All records, minus the pictures: write them out exactly.

[[ Data for this task open ]]

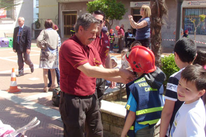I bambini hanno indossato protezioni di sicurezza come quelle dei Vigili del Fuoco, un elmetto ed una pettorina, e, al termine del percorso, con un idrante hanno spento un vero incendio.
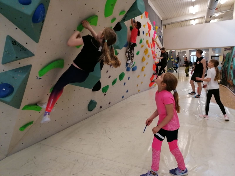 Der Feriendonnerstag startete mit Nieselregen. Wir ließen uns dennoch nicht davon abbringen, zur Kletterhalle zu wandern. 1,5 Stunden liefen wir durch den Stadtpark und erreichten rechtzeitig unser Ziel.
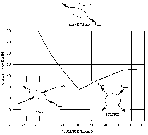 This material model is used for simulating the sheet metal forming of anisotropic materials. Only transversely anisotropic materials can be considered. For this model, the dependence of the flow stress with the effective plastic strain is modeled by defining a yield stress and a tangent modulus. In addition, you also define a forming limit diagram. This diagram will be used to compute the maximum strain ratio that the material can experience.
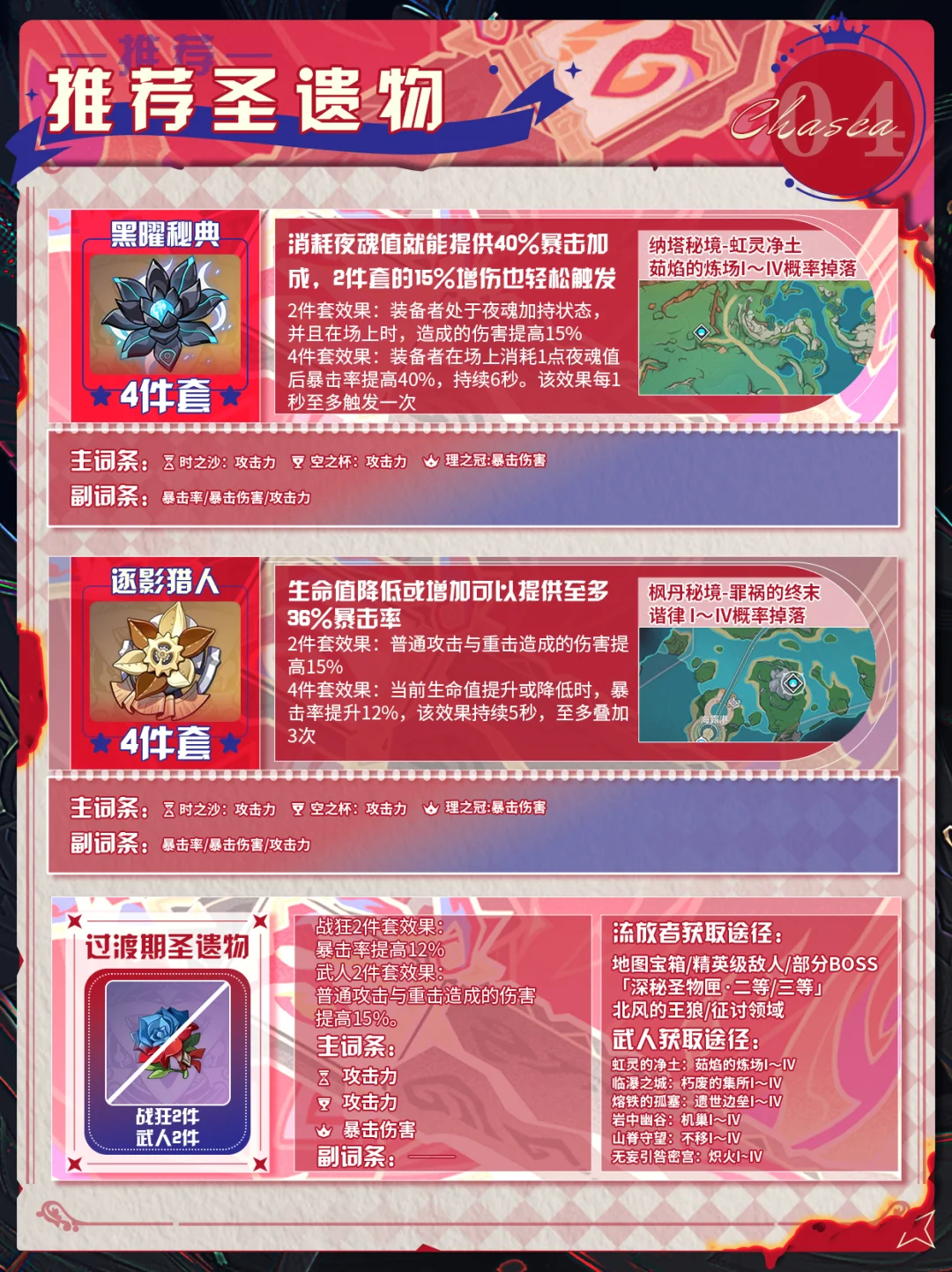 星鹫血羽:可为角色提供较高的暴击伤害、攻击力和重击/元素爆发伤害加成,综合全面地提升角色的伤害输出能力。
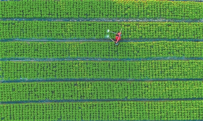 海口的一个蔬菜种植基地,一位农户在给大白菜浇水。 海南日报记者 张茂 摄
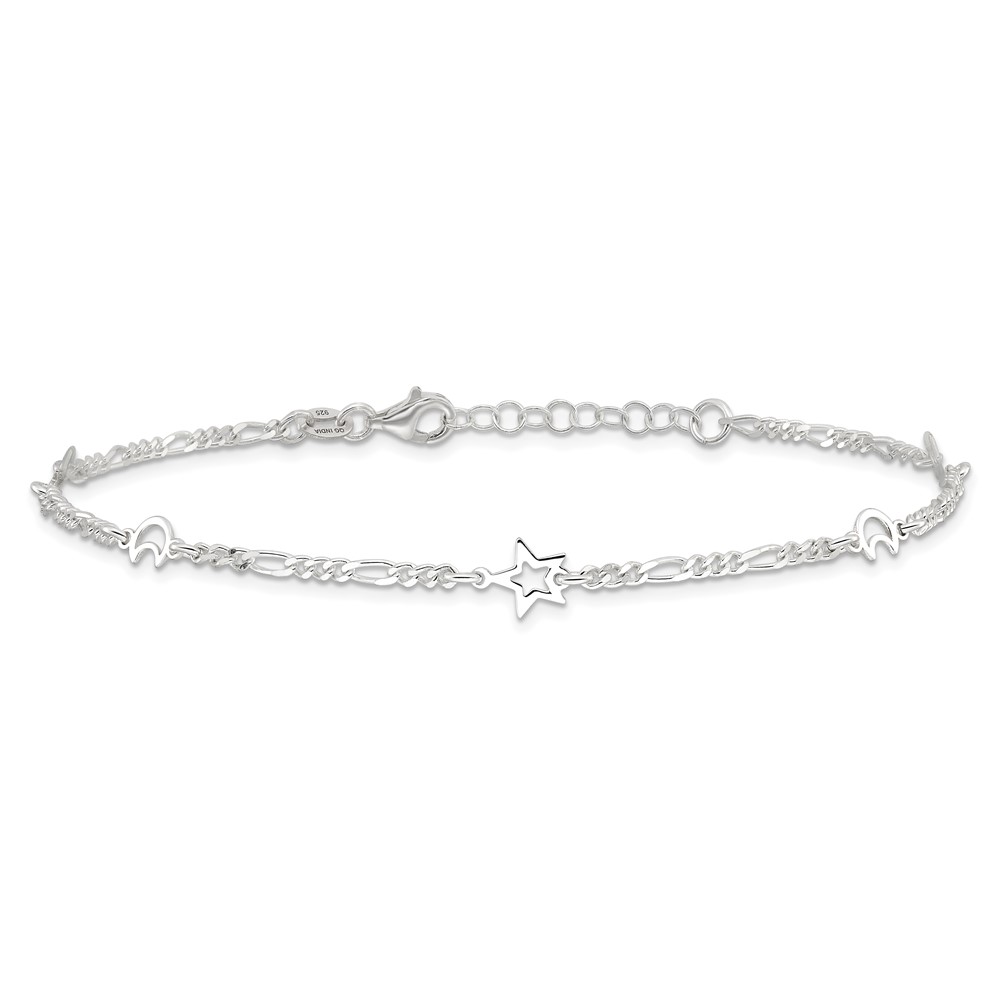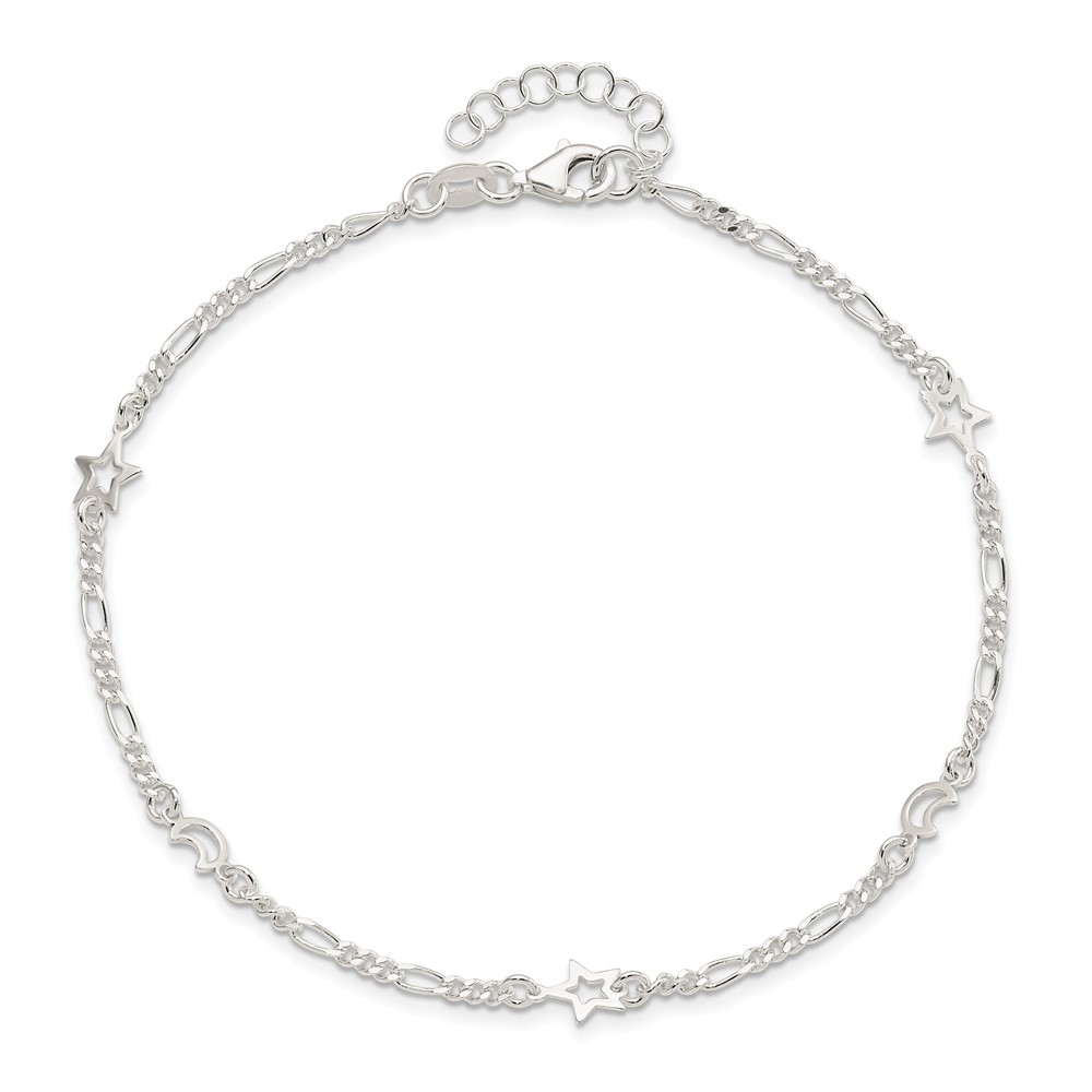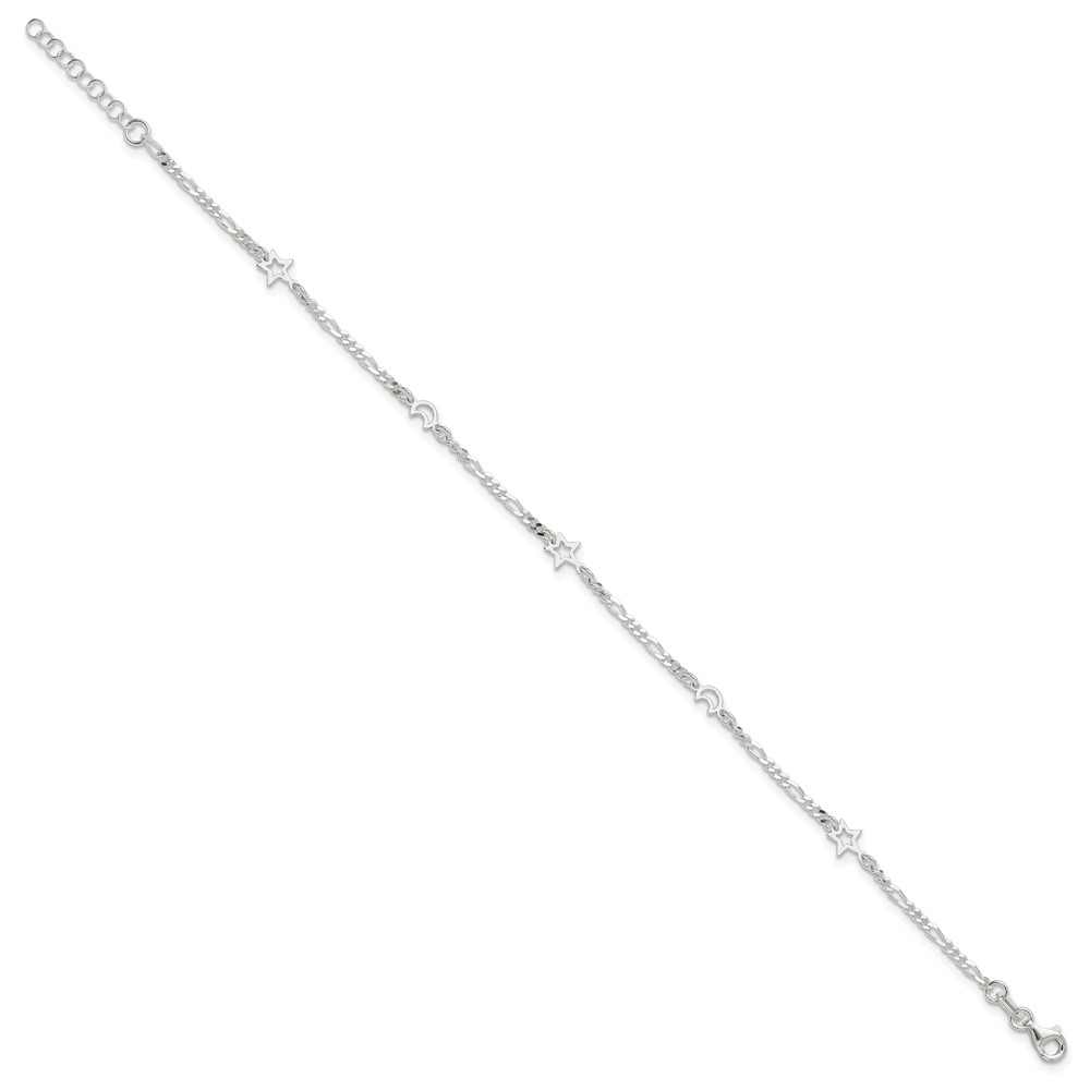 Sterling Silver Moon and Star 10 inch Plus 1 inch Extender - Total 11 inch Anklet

[[ Data for this task closed ]]

» **Solution**:
I bambini hanno indossato protezioni di sicurezza come quelle dei Vigili del Fuoco, un elmetto ed una pettorina, e, al termine del percorso, con un idrante hanno spento un vero incendio.
 Der Feriendonnerstag startete mit Nieselregen. Wir ließen uns dennoch nicht davon abbringen, zur Kletterhalle zu wandern. 1,5 Stunden liefen wir durch den Stadtpark und erreichten rechtzeitig unser Ziel.
 This material model is used for simulating the sheet metal forming of anisotropic materials. Only transversely anisotropic materials can be considered. For this model, the dependence of the flow stress with the effective plastic strain is modeled by defining a yield stress and a tangent modulus. In addition, you also define a forming limit diagram. This diagram will be used to compute the maximum strain ratio that the material can experience.
 星鹫血羽:可为角色提供较高的暴击伤害、攻击力和重击/元素爆发伤害加成,综合全面地提升角色的伤害输出能力。
 海口的一个蔬菜种植基地,一位农户在给大白菜浇水。 海南日报记者 张茂 摄
 Sterling Silver Moon and Star 10 inch Plus 1 inch Extender - Total 11 inch Anklet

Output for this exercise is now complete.